A peculiar cluster of stars swirling around the violent center of the Milky Way could become “immortal” by continuously capturing and destroying dark matter particles in their cores, a new study suggests.
Using computer simulations of stellar evolution, researchers found that dark matter particles captured by these stars’ gravity may frequently collide with and “annihilate” each other inside the star, transforming into ordinary particles while releasing a significant amount of energy.
This additional energy source could maintain the star’s stability and potentially make it immortal, even after its regular supply of nuclear fuel has run dry, the researchers suggest.
“Stars burn hydrogen in nuclear fusion,” lead study author Isabelle John, a doctoral candidate in astroparticle physics at Stockholm University, told Live Science via email. “The outward pressure from this balances out the inward pressure from the gravitational forces, and keeps the stars in a stable equilibrium.”
However, many stars spotted near the Milky Way’s central black hole seem to be far younger than theories of stellar evolution predict. To investigate this mystery, the researchers tested whether the stars could be drawing energy from the plentiful supply of dark matter thought to exist at the galactic center.
“Our simulations show that if stars can collect large amounts of dark matter, which annihilates inside the star, this can provide a similar outward pressure, making the star stable due to dark matter annihilation rather than nuclear fusion — so stars can use dark matter as a fuel instead of hydrogen,” John said. “The important difference is that stars use up their hydrogen, which will eventually cause them to die. On the other hand, stars can collect dark matter continuously.”

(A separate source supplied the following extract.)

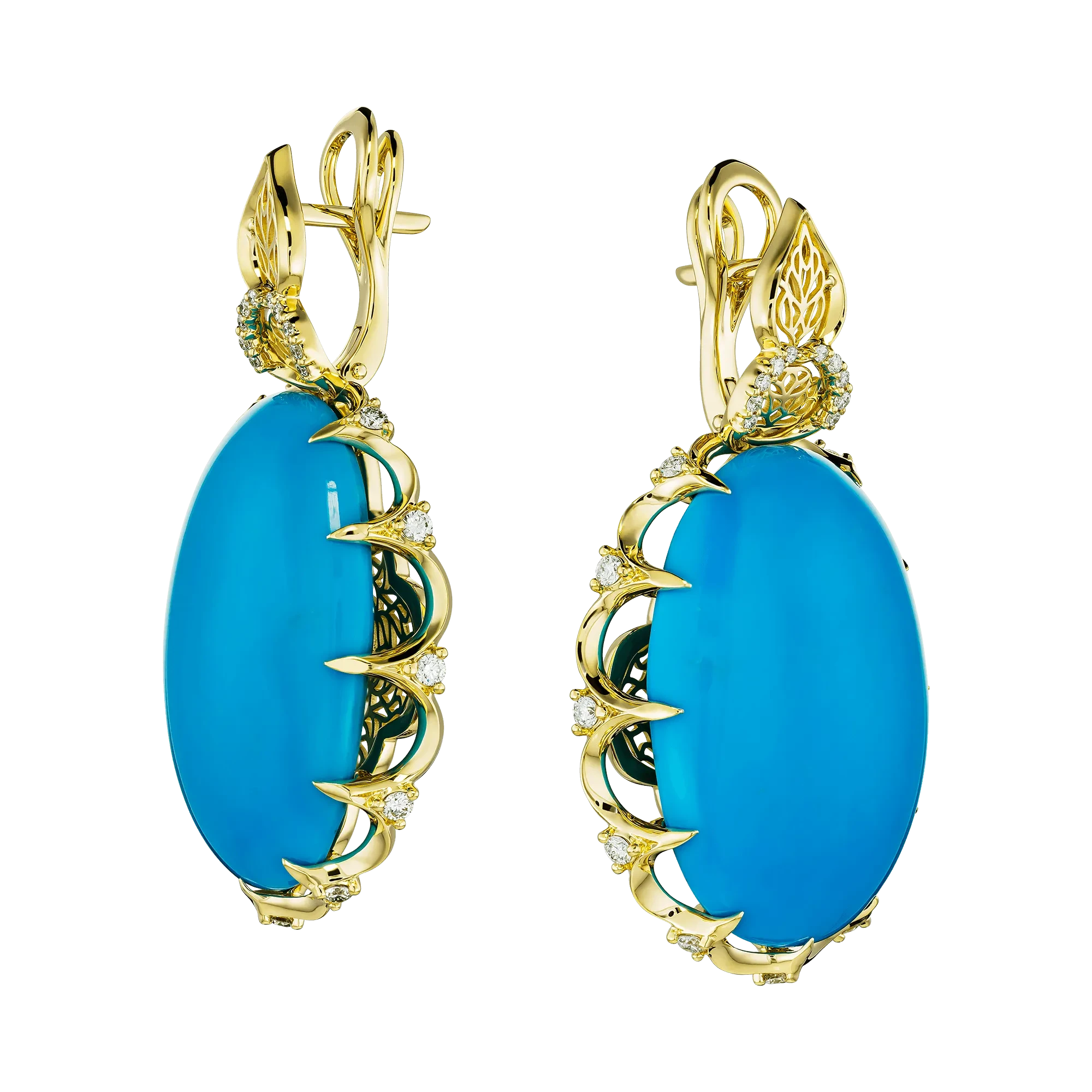 В композиции использован дуэт природных кабашонов из Аризоны общим весом 64,50 карата. Эти самоцветы ценятся за выразительность небесно-голубого оттенка, мягкую глубину цвета и естественный природный рисунок. Каждая бирюза индивидуальна, словно отдельная остановка на пути, и именно эта неповторимость формирует живой, подвижный характер украшения.

The study, published to the preprint server arXiv in May, has not been peer reviewed yet.
Stars defying theory
Stellar evolution is a well-studied subject. Relationships among a star’s age, luminosity, size and temperature have been derived with high precision both with theory and astronomical data. However, recent observations have shown that the properties of stars near the center of the Milky Way defy the generally accepted theory of stellar evolution.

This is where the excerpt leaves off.